++++ Records for the exercise ++++
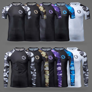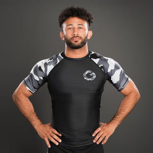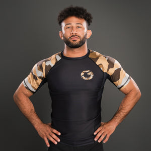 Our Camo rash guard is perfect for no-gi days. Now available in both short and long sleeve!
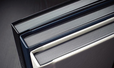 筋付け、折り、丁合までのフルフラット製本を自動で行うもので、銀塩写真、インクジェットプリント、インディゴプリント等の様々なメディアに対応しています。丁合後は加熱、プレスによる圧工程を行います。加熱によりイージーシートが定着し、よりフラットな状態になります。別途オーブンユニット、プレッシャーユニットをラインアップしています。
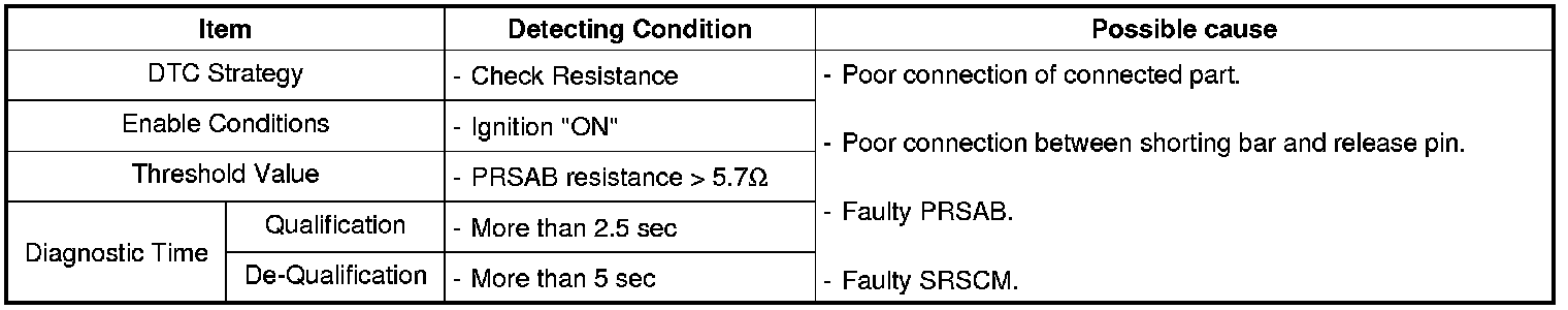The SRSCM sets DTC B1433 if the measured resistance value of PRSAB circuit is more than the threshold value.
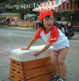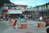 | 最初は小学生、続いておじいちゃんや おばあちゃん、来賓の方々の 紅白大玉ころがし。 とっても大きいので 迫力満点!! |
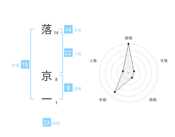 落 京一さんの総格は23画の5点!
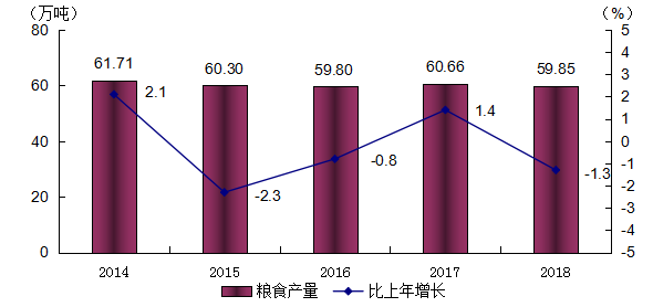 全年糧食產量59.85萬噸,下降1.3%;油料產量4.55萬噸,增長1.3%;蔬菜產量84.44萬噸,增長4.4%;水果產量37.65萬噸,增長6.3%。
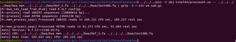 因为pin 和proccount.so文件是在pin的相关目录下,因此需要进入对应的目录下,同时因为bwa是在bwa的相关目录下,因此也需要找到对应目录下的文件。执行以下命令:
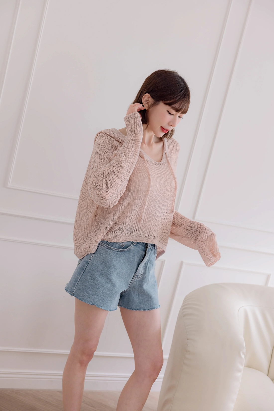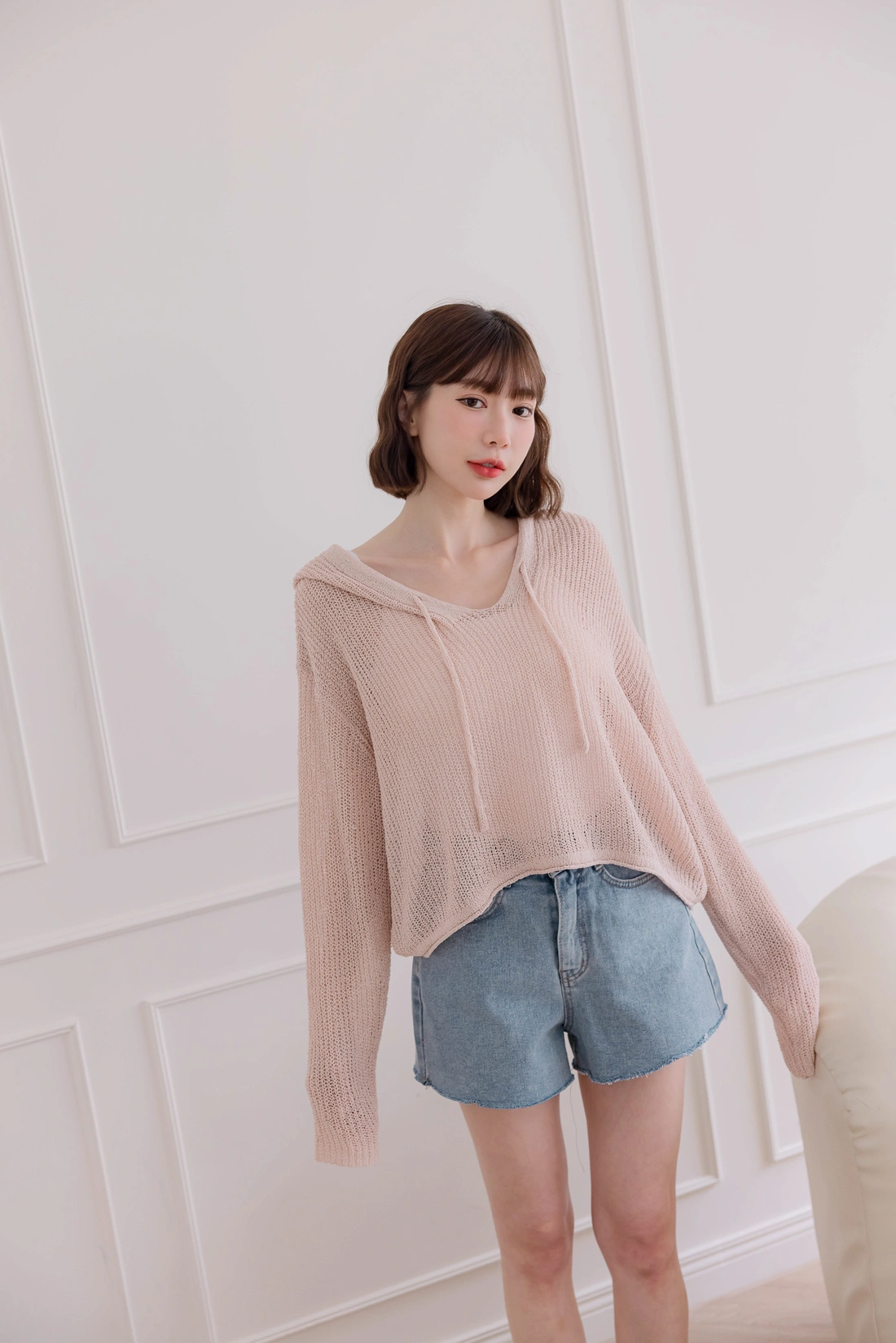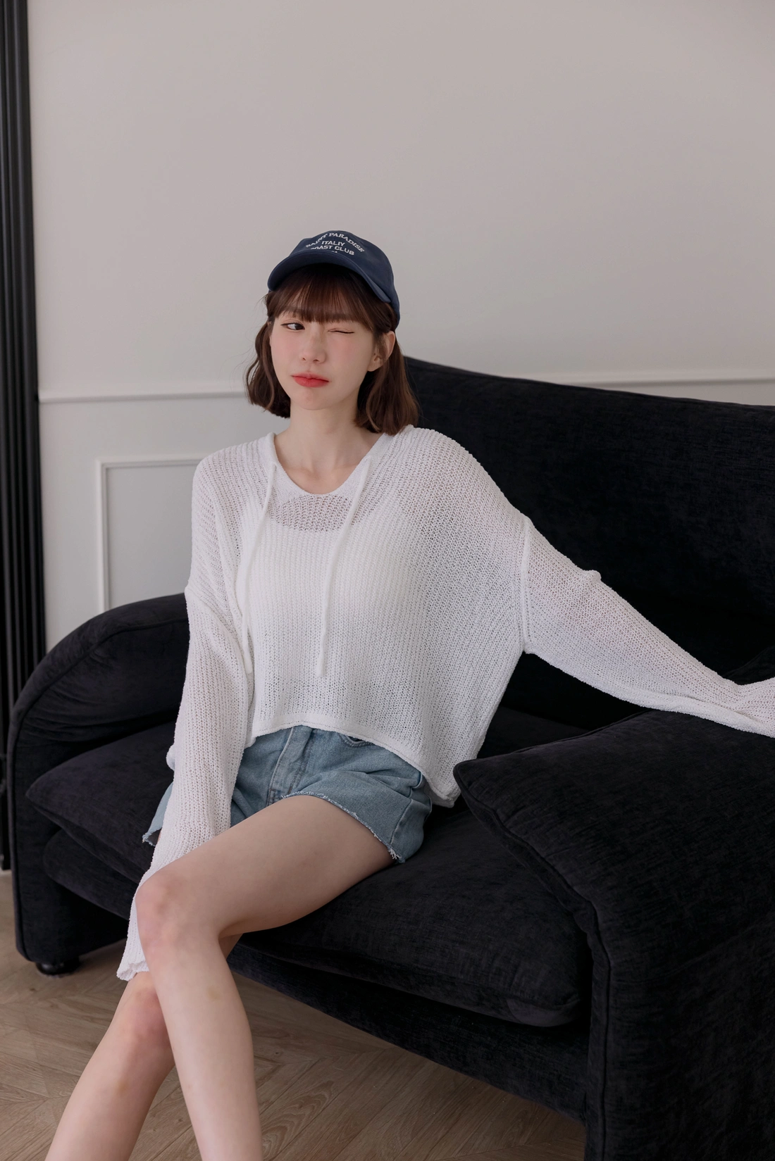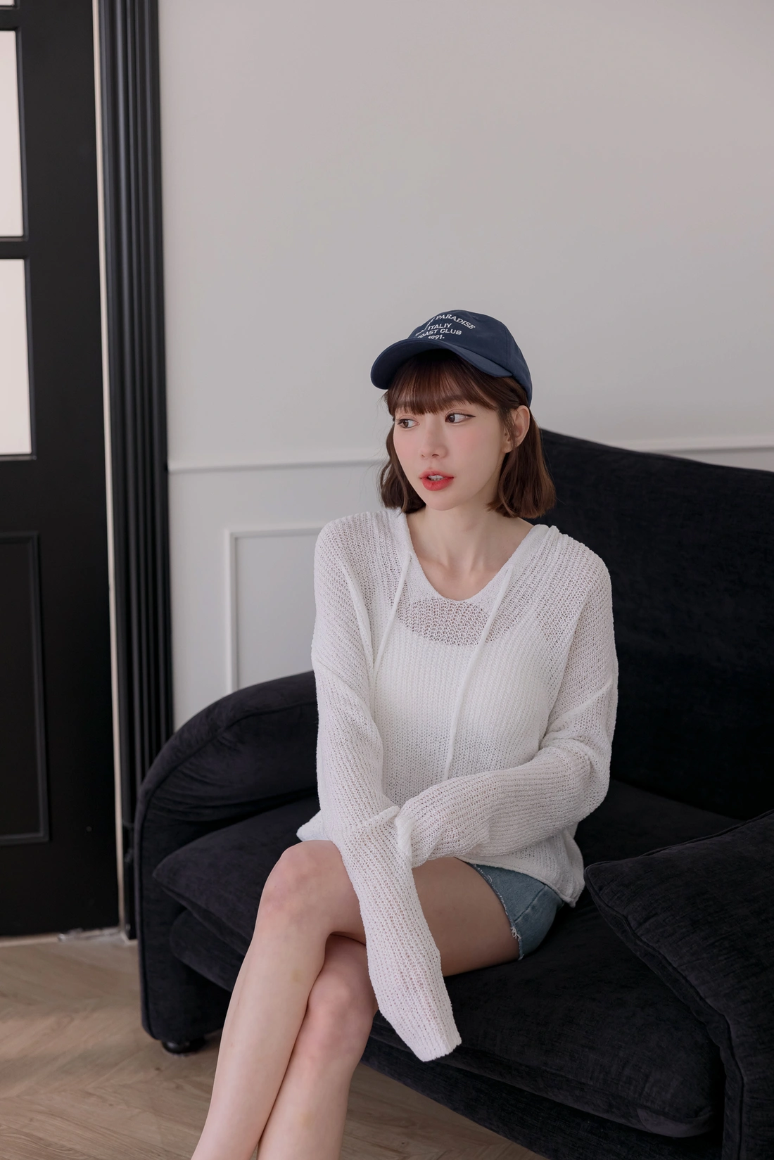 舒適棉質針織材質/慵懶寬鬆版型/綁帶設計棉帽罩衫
++++
Task requirements: An exact copy of the lines from the one with "The SRSCM sets" through the end of the records: produce that and nothing more, leaving out the pictures.

Expected output:
The SRSCM sets DTC B1433 if the measured resistance value of PRSAB circuit is more than the threshold value.
 | 最初は小学生、続いておじいちゃんや おばあちゃん、来賓の方々の 紅白大玉ころがし。 とっても大きいので 迫力満点!! |
 落 京一さんの総格は23画の5点!
 全年糧食產量59.85萬噸,下降1.3%;油料產量4.55萬噸,增長1.3%;蔬菜產量84.44萬噸,增長4.4%;水果產量37.65萬噸,增長6.3%。
 因为pin 和proccount.so文件是在pin的相关目录下,因此需要进入对应的目录下,同时因为bwa是在bwa的相关目录下,因此也需要找到对应目录下的文件。执行以下命令:
 舒適棉質針織材質/慵懶寬鬆版型/綁帶設計棉帽罩衫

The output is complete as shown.